Summary
The Lesetlheng community applicants brought this case before the Constitutional Court of South Africa on appeal from a High Court order evicting them from their farm. The Lesetlheng community is a subset of the larger Bakgatla-Ba-Kgafela community. The Lesetlheng communities’ ancestors purchased the farm in question in 1919, but owing to the racially discriminatory laws at the time, the ownership of the farm could not be transferred to the Lesetlheng community. Instead, the title deed stated that the property was held in trust by the state on behalf of the entire Bakgatla-Ba-Kgafela community.
Post-apartheid, the South African constitution attempted to rectify the impacts of discriminatory land laws. Section 25(6) of the constitution states: “a person or community whose tenure of land is legally insecure as a result of past racially discriminatory laws or practices is entitled, to the extent provided by an Act of Parliament, either to tenure which is legally secure or to comparable redress.” The 1996 Interim Protection of Informal Land Rights Act (IPILRA), enacted to implement that constitutional provision, defines informal rights to land and, in § 2, provides that “no person may be deprived of any informal right to land without his or her consent.” The Minerals and Petroleum Resources Development Act (MPRDA) vests control of all mineral and petroleum resources in the South African government, which is responsible for granting mining rights. However, the MPRDA requires a mining rights holder to consult with those possessing surface rights to the land before mining activities may begin.
The families’ appeal argued that: a) the companies could not mine without the Lesetlheng community’s consent, given their informal land rights under § 2 of IPILRA; and b) the community’s rejection of mining on land to which they held informal surface rights meant the companies needed to exhaust the mechanism provided by § 54 of the MPRDA, which requires negotiation of compensation before mining commences. The companies affirmed they had met with the Lesetlheng community, explained the mining process, and assessed how it would affect them, claiming that there had been no objections to the project by the community. Further, they argued that the MPRDA does not require an exhaustion of remedies prior to bringing the matter before a court.

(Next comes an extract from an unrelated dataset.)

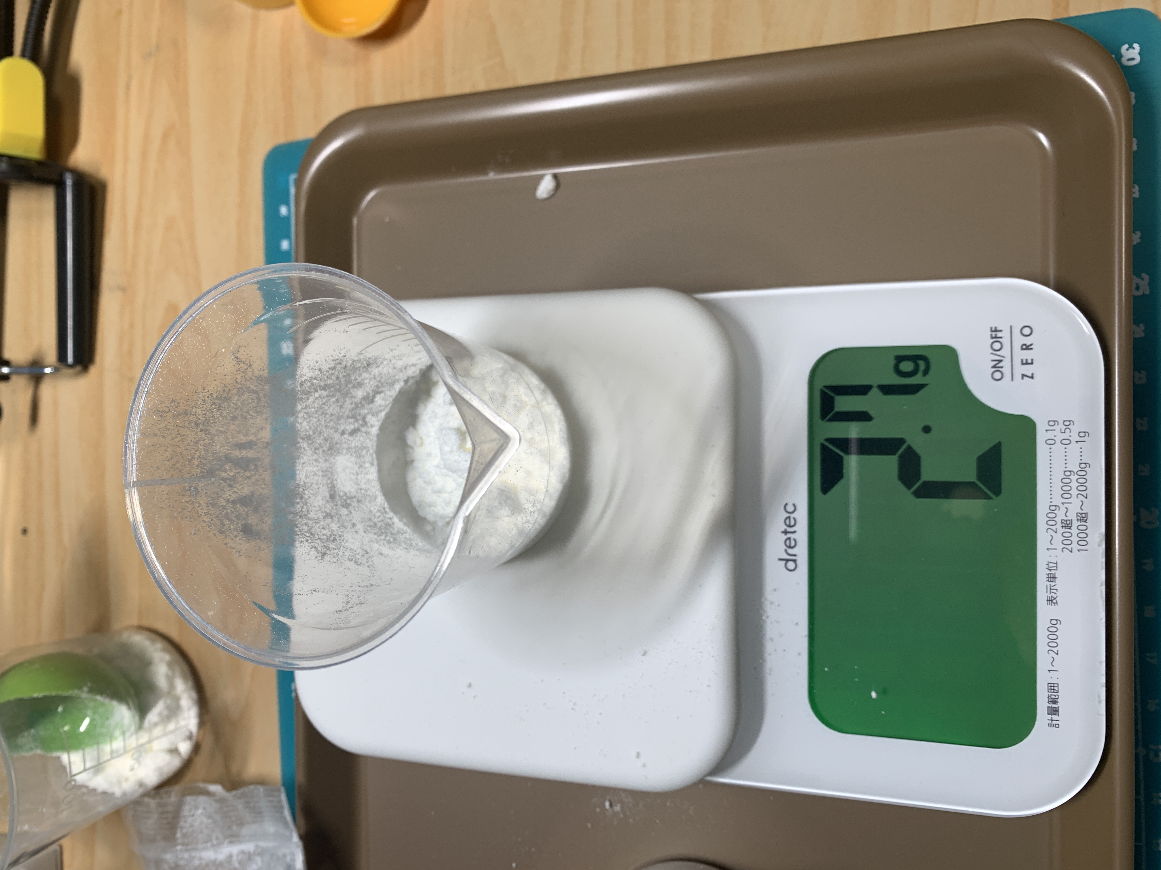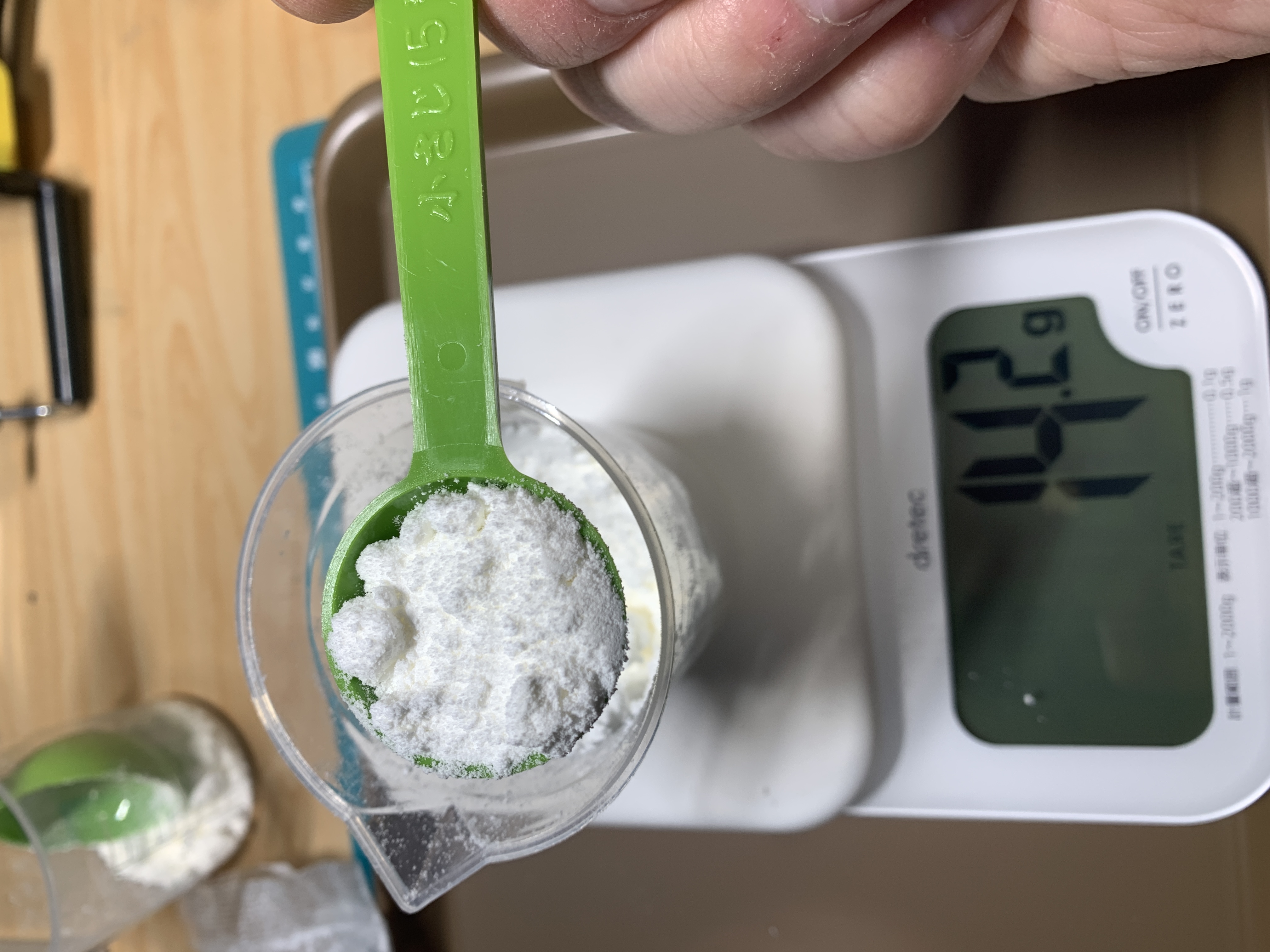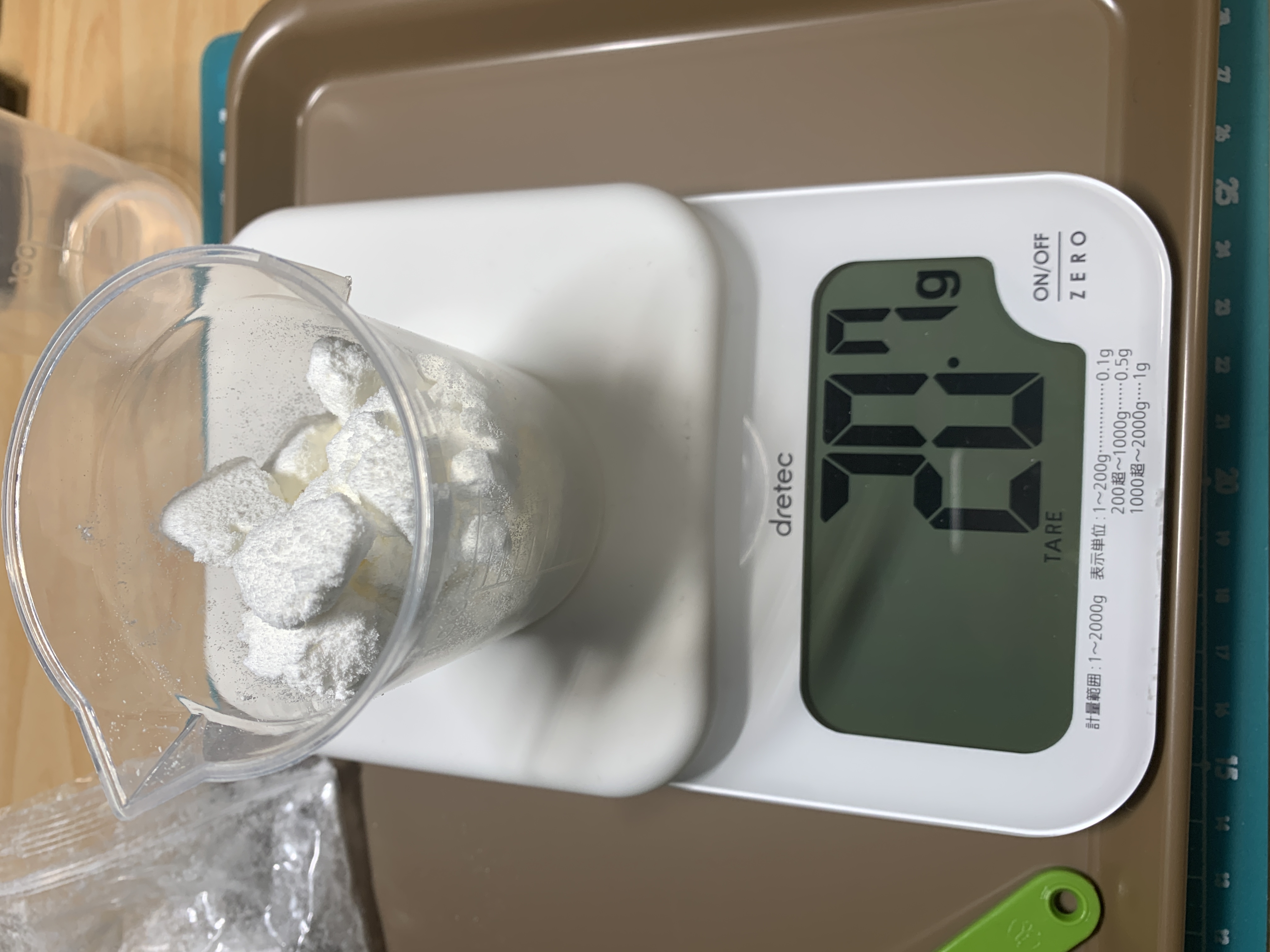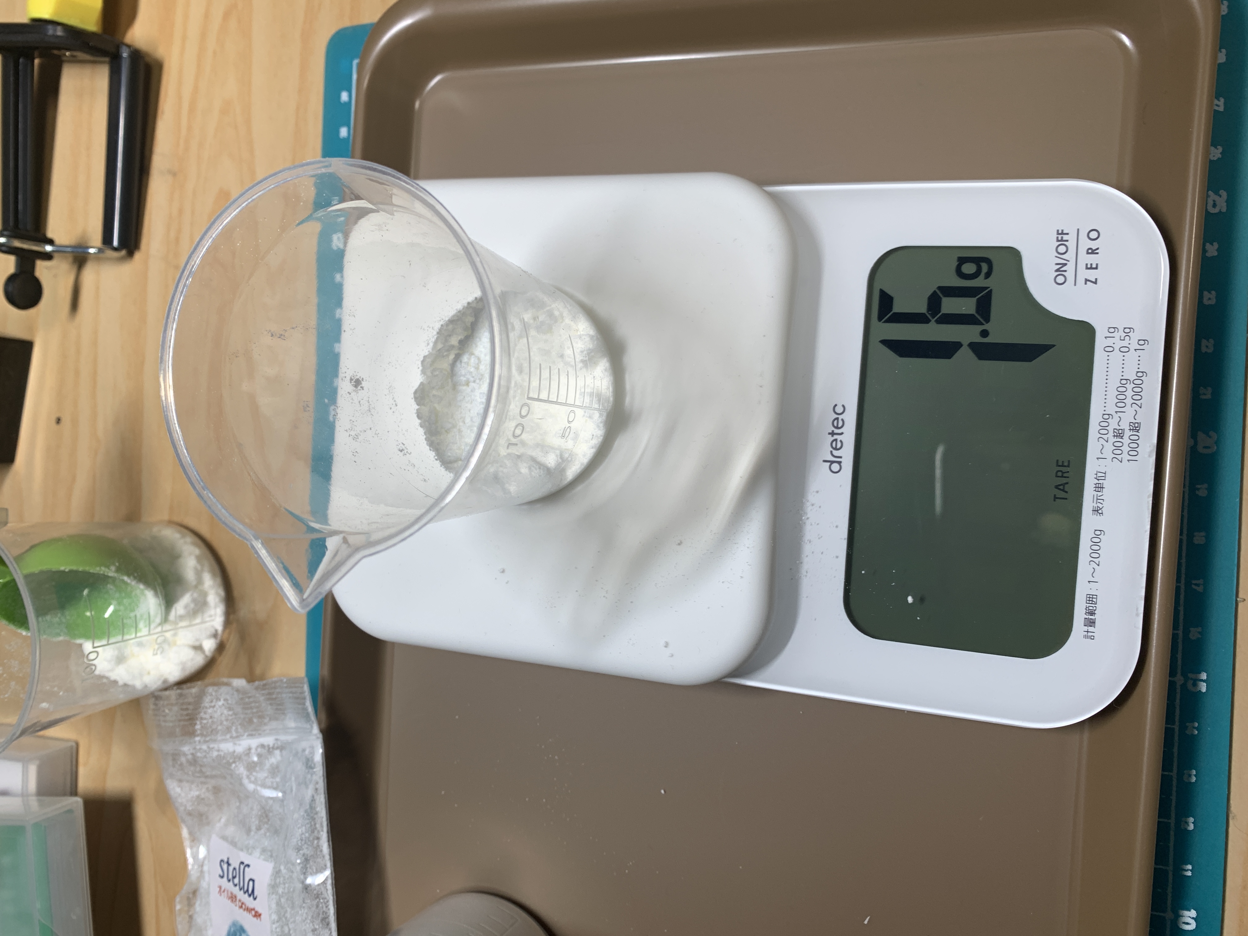 https://ballmaintenance.no-mania.com/Entry/229/ その後、しばらくして Tさまが、送ってくださいました♪ 頂いてから、少し時間が経ちましが 本日、簡単に調査いたしました まずは用意したもの 計量カップ 2個 (風袋用に別途1個) 計量スプーン 大さじ 計量スプーン 小さじ 印象は、大きさの割に軽い 20g 1400円 POPはついてこないみたいなんで画像だけ まずは重さから測ってみます 23.1グラム 袋あるんでそんなもんでしょ 計量カップに出してみた 20.7グラム キッチリ入ってますね 説明書の通り 大さじ1杯(すりきり)取って もう1個の計量カップに入れてみる 4.2gです 説明書では、2グラムとなってるので 大さじだと多すぎますね 小さじでやってみよう すりきり1杯だと 1.6グラム 小さじ大盛り1杯ならば 2.7グラム 結果として 小さじに中盛りくらいが丁度良いかもですね 水分量が多いのか わりと べたつく感じで スプーンにへばりつく 次は、溶解テスト 左 お湯40度を入れた攪拌したもの 右 水を入れて攪拌したもの 水だと ちょっと溶けにくい感じを受けました 泡立ちも良くない リトマス試験紙でのテスト ほぼ中性 粉の付いた指で触ったとこだけ若干青い 粉は若干アルカリ性なんでしょうね オイルを用意しました 10滴入れて攪拌します 左 お湯に溶かしたもの オイルなし 右 お湯に溶かしたものに、オイルを10滴 よく攪拌すると 白濁して泡が消えてゆき 泡立って行かなくなります 以上のことから 界面活性剤がメインの粉せっけんみたいな感じを受けました オイルも乳化できてるし それなりの効果はあると思います 水で良いと書いてますが お湯の方が良い結果になると思いますので お湯推奨です Tさん 提供ありがとうございました 〆 |

The Constitution Court unanimously held that, notwithstanding a Bakgatla-Ba-Kgafela community meeting resolution regarding a lease agreement, § 2 of the IPILRA was not satisfied because a meeting with the governance structures of the broader Bakgatla-Ba-Kgafela community was neither a meeting with the actual rights holders to the farm (the Lesethleng community), nor did it afford those rights holders a reasonable opportunity to meaningfully engage in negotiation. Additionally, the Court held that § 54 of the MPRDA balances the interests of surface right holders with those of mining right holders, and, as such, the language of § 54 is mandatory. Therefore, the remedies set forth in § 54—in essence, state-mediated negotiation prior to the commencement of mining—should be exhausted before the issue is brought to court. The mining companies had not complied. Consequently, the applicants were deprived of their informal land rights in violation of the IPILRA, and the MPRDA had not been followed.
The Court upheld the community’s appeal and vacated the eviction order.